Humans are no different, and for thousands of years we have known to go to the marsh for food and supplies. Cattails, for instance, have been called the plant of a thousand uses. The fluffy seeds make excellent insulation and were often used to stuff swaddling clothes for babies. Sphagnum peat moss (Sphagnum spp) has been used for centuries as a dressing for wounds. Marshes served as the all-in-one market for people who needed to find their food, clothing, shelter and medicine in nature, rather than at a big box store.

For some people, it is still that way. I lived on the Eastern Shore for seven years. Many of my friends and coworkers began their days on a boat, pulling crab traps by headlamp in the back dark before dawn, or spent their Saturday mornings shivering in a deer blind. But what is becoming of that relationship? What role do marshes play in human life, and what role might they play in the future?

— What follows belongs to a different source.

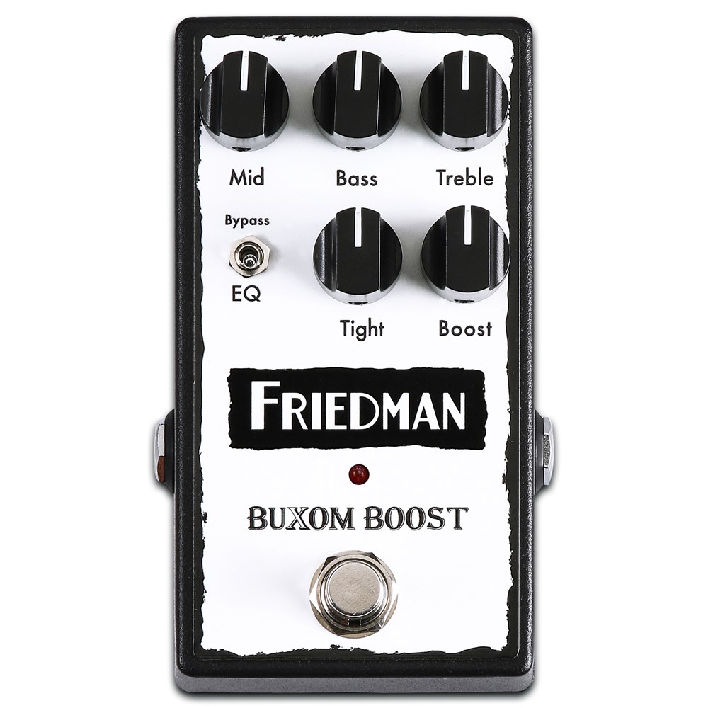 The Friedman Buxom Boost may be the most powerful tonal solution you ever put on your pedalboard. Like its namesake amp head, this pedal pushes a pure, clean signal to conjure the absolute most from your tone. Turning the boost control is your ticket to volume increase, pushing the front of your amp for thick harmonic overdrive, or balancing between two guitars with varying output. Whether you're after a tone tailored by its active mid, treble, and bass controls or the pedal's ability to achieve total transparency - thanks to its onboard EQ Bypass switch - it's all in there. We've even added a useful tight control for reigning in your tube amp's bottom end when boosted. As expected, every Buxom Boost pedal is crafted with the attention to detail and fine ear for tone that comes with Dave Friedman's name.

This moment in the story of the marsh is a grim one. Marshes are disappearing three times faster than forests. Wetlands are one of the most carbon-dense ecosystems on the planet – they store almost twice as much carbon as forests. And they buffer the coasts from disaster, lowering flood risk and protecting our communities. So why are they disappearing? The main reasons, of course, are climate change, urbanization, and habitat disruption. Between 1970 and 2015, 35% of the world’s wetlands were lost and the loss rate is only accelerating.

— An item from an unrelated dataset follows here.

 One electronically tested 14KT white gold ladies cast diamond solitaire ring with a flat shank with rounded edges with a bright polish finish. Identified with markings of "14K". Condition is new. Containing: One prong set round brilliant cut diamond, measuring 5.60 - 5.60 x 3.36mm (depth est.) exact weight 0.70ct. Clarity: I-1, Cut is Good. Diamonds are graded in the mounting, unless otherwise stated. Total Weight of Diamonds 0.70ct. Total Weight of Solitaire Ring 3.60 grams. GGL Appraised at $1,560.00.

What happens next is up to us. We have a choice; to allow these essential, life- supporting, and beautiful landscapes to disappear forever – or to find new ways to live alongside them and incorporate them into the built environment.

As we discussed in Paradise Reimagined, just because we’ve done something the same way for years doesn’t mean that’s the way it has to be done. Take rain gardens for instance. In Restoring the Natural Rain Cycle, we explored how rain gardens help decrease runoff and improve the health of local rivers and streams. There are also living shorelines that replace hardscaping like weirs or boat launches. These living shorelines, like rain gardens, are designed and installed to mimic the natural landscape, restore the water cycle, and support local ecology. They work because they allow the land to function as it needs to. And they can be planted and maintained to bring beauty, biodiversity, and wildlife to the human community.

I’ve worked in many different marshes, wetlands and shorelines, from the edges of the Chesapeake Bay to the Chicago Botanic Garden in Glencoe, Illinois. I’ve spent summers fishing the marshes in Brigantine, New Jersey with my father and uncles, and untold weekend hours hiking through marshes and bogs in every state I’ve ever visited or lived in. I’ve waded in streams, cleaned out oyster hatcheries, and piloted boats along waterways in all seasons and most weather. The thing that I come away with every time is the beauty of those places. It takes very little to make them read as gardened spaces; just some attention to color and design, as well as an acceptance of the inherent beauty in ecological function. They will never look like a formal rose garden, but they don’t need to. Marshes and wetlands already speak to us. The way the land, water, and sky meet and balance one another…there is a rightness to these landscapes, to how essential they are, and how fragile they are.

Imagine for a moment a community along a river – the Delaware perhaps. Picture beautiful front yard rain gardens instead of storm drains. Imagine sweeps of soft shorelines full of sparkling grass and brilliant flowers. Think of water where children can swim safely, throw a line in for fish, and hear the frogs singing in the spring. Picture what that community would look like, and how it would feel to live there.

Imagine it – then take action. Do you have a wet spot in your yard? Consider a rain garden or seep garden. Does a river or stream run through your community? Put a group together to plant a living shoreline. Encourage your neighbors to do the same and advocate for better protection for marshes, wetlands and waterways on a national level. It’s time for the story of the marsh to stop being a cautionary tale of all we’ve lost, and all we still stand to lose. It’s time for it to become, once again, the story of home.